Using the attention weights, the weighted sum of the short-term dependencies forms the context vector $\:{c}_{t}^{a}$, as described in Eq. (15):

$$\:{c}_{t}^{a}=\sum_{i=1}^{j}\:{\alpha\:}_{ti}{w}_{i}^{l}$$

(15)

where the context vector $\:{c}_{t}^{a}$ represents a weighted summary of the local encoder information at different time steps, providing the encoder with a dynamic representation of the input sequence’s current portion and helping to capture local features and dependencies.

Next, the global encoder’s output $\:{h}_{t}^{g}$, the local encoder’s output $\:{h}_{t}^{l}$, and the context vector $\:{c}_{t}^{a}$ are combined to form the final state vector $\:{s}_{t}$, as shown in Eq. (16):

$$\:{s}_{t}=\text{tanh}\left({W}_{s}\left[{h}_{t}^{g};{h}_{t}^{l};{c}_{t}^{a}\right]+{b}_{s}\right)$$

(16)

where $\:{W}_{s}$ is a learnable weight matrix and $\:{b}_{s}$ is a learnable bias vector. The combination enables the model to capture both long-term and short-term dependencies, enhancing the accuracy of the decoder output.

Finally, the state vector $\:{s}_{t}$ is fed into each time step of the decoder, along with the ground truth values from the training data, to generate the output for the next time step, as described in Eq. (17):

$$\:{h}_{t}^{d}=Decoder\left({h}_{t-1}^{d},{s}_{t},{y}_{t-1}\right)$$

(17)

where $\:{h}_{t}^{d}$ is the decoder hidden state at the current time step, and $\:{y}_{t-1}$ is the ground truth value from the training data.

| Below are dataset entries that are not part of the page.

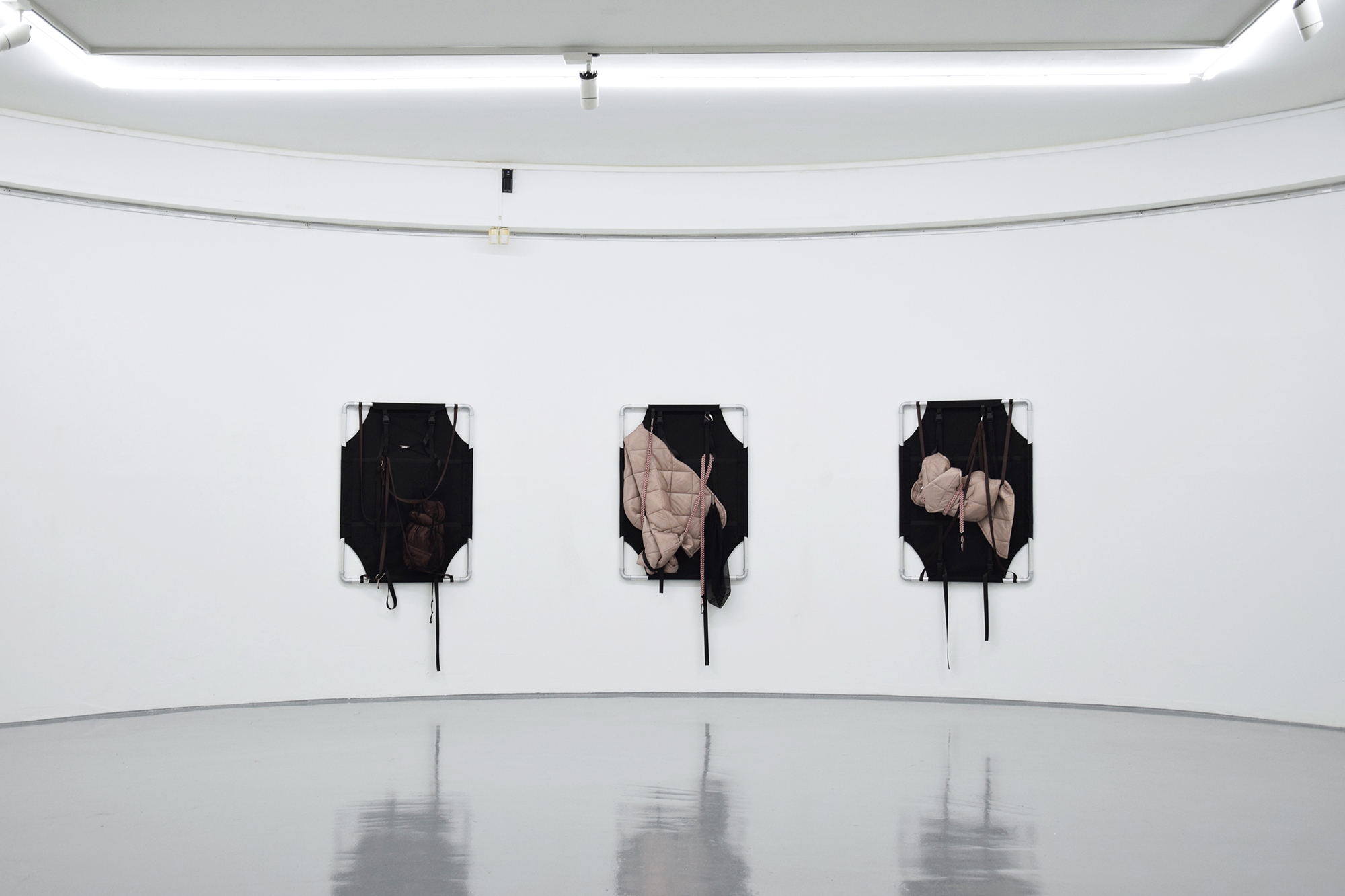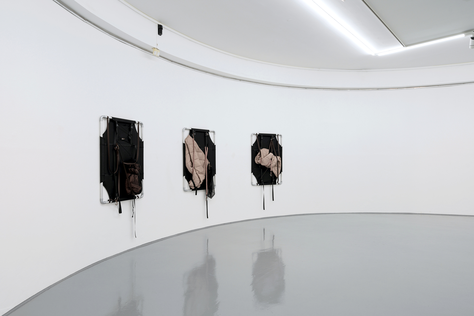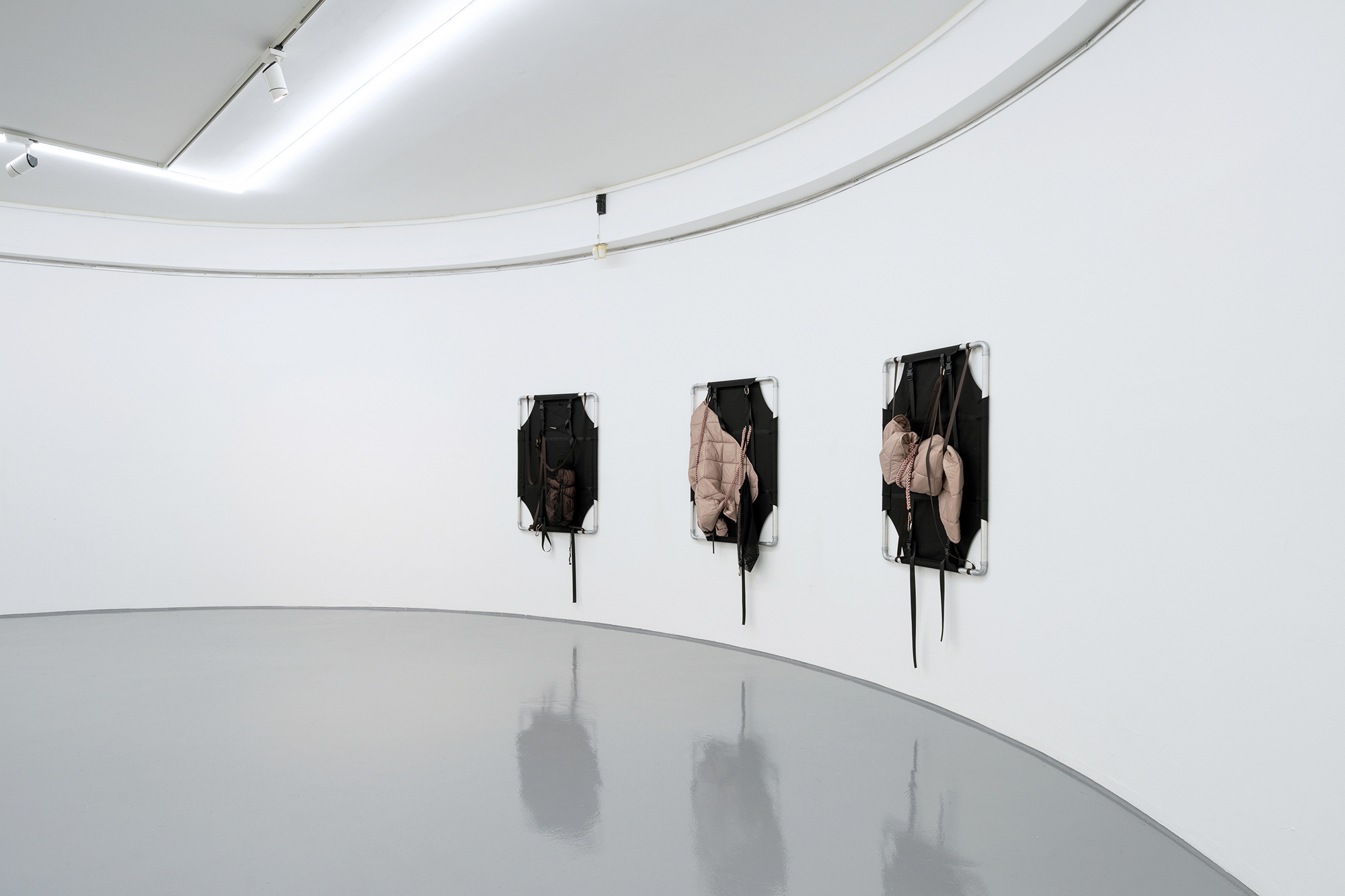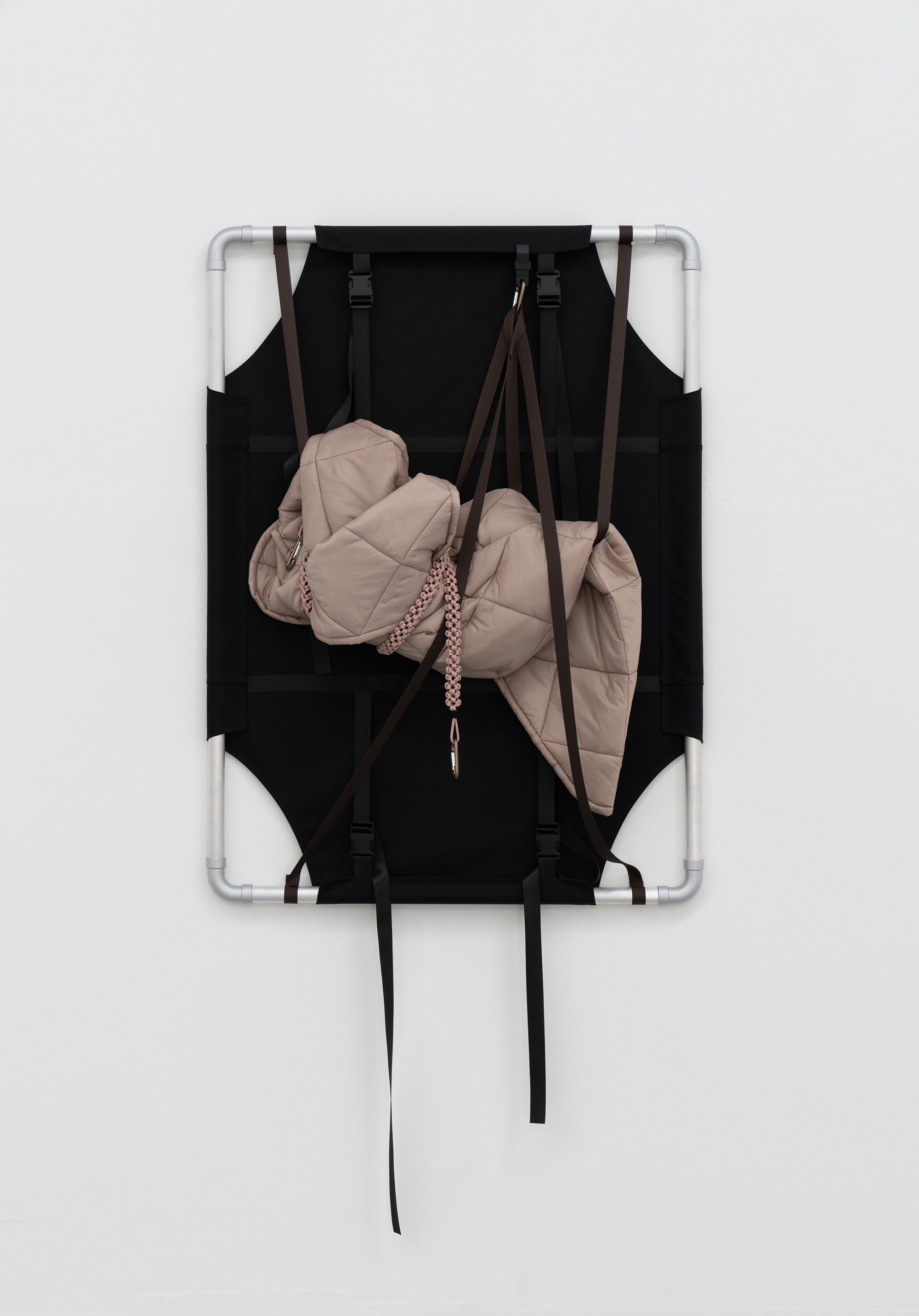Through her work, Skensved frequently explores the ways that social exchange and interdependence are necessary for human survival. She employs the formats of “outdoor” or “adventure” gear because of the way that the objects relate to the body in their scale, shape, or intended purpose. In her installations, she often arranges objects (like sleeping bags or camping stools) into groups or pairs, imagining them as stand-ins for bodies, in order to represent a social gathering or an exchange between people.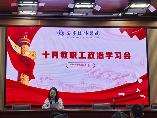 為持續深化理論武裝,凝聚奮進力量,統籌推進教育教學與人才培養等各項中心工作,海寧技師學院于2025年10月31日召開全體教職工政治學習會。會議聚焦政治理論學習、學生實習管理、教師專業發展等核心議題,旨在統一思想、明確方向,為學校下一階段的高質量發展注入強勁動力。會議由副校長王立群主持。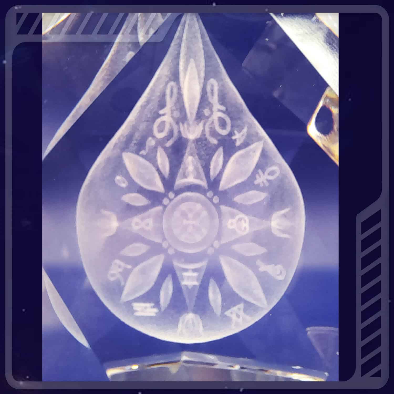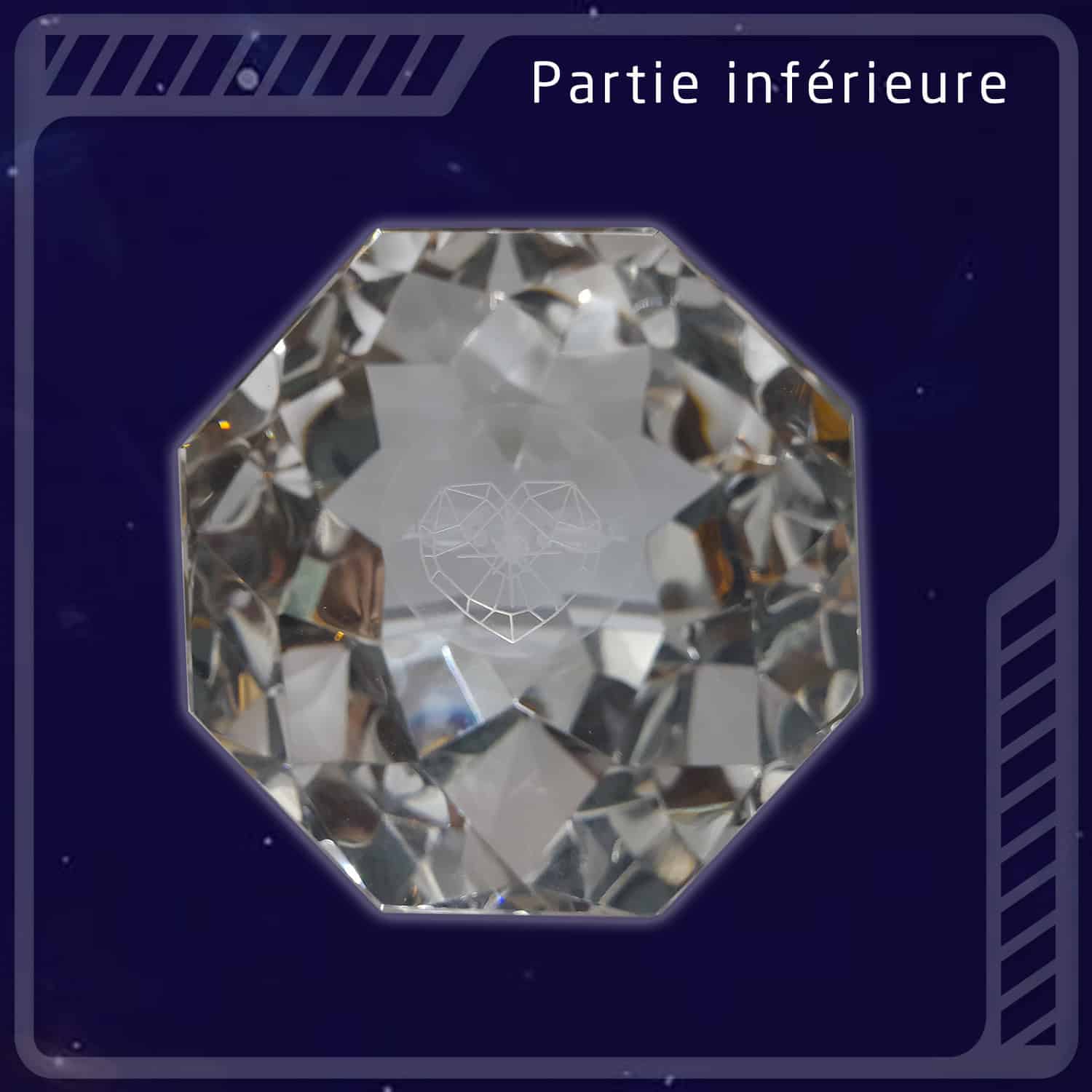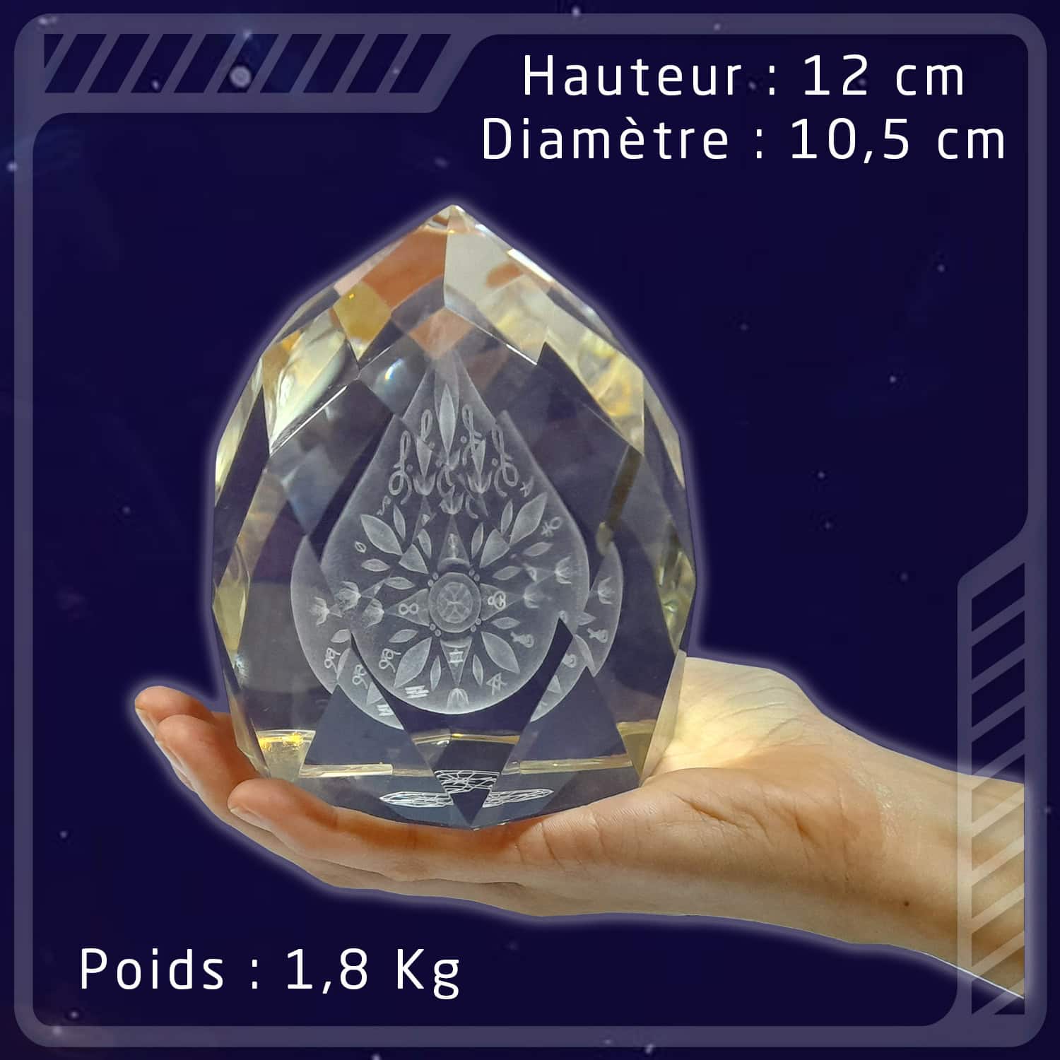 Le symbole a été modélisé en 3D de manière extrêmement précise et respectueuse du code originel selon la science keylontique, puis gravé au laser pour créer le magnifique hologramme au centre du cristal. Le Zome Eckash’YS incarne la pureté vibratoire de la nouvelle Terre dans la densité de conscience Amour-Lumière & Lumière-Amour.

The state vector $\:{s}_{t}$ allows the decoder to focus on different parts of the input sequence as needed by incorporating global, local, and short-term dependency information, thereby improving the model’s predication flexibility. Additionally, $\:{s}_{t}$ provides rich contextual information to the decoder at each time step, aiding in generating more accurate and coherent sequences.

Datasets and setup

Experimental setup

To validate the effectiveness of the H-LSTM-GLE in sequence prediction tasks, both the global encoder and the local encoder modules were constructed using LSTM layers. Each encoder utilized LSTM layers with 128 hidden units, a parameter configuration determined to be optimal by cross-validation on the dataset. Experiments were conducted on a computer equipped with an NVIDIA RTX 2060 GPU and 64 GB of RAM. All models were implemented using Python 3.8 and the PyTorch 1.9.0 framework. Parameter optimization was performed using Stochastic Gradient Descent (SGD) with momentum set to 0.9. The initial learning rate was set to 0.001. To account for learning rate decay, a learning rate adjustment strategy was used where the learning rate was halved if the validation loss did not decrease for two consecutive iterations, with a maximum of five reductions. To prevent overfitting, an early stopping mechanism was introduced, which stopped training if the validation loss did not improve for 10 consecutive epochs. For our experiments, we set the length of the input sequence considered was 24 h (96-time steps), and the length of output sequence was set to 1 h (4-time steps). This setup allows the model to use a comprehensive temporal context to make accurate predictions. This setup is also consistent with the research on multi-step prediction of Seq2Seq architecture²⁵. The Root Mean Square Error (RMSE) was used as the loss function, defined as Eq. (18):

$$\:L(y,\widehat{y})=\sqrt{\frac{1}{t}\sum_{i=1}^{t}\:{\left({y}_{i}-{\widehat{y}}_{i}\right)}^{2}}$$

(18)

where $\:{y}_{i}$ and $\:{\widehat{y}}_{i}$ represent the actual and H-LSTM-GLE predicted values, respectively.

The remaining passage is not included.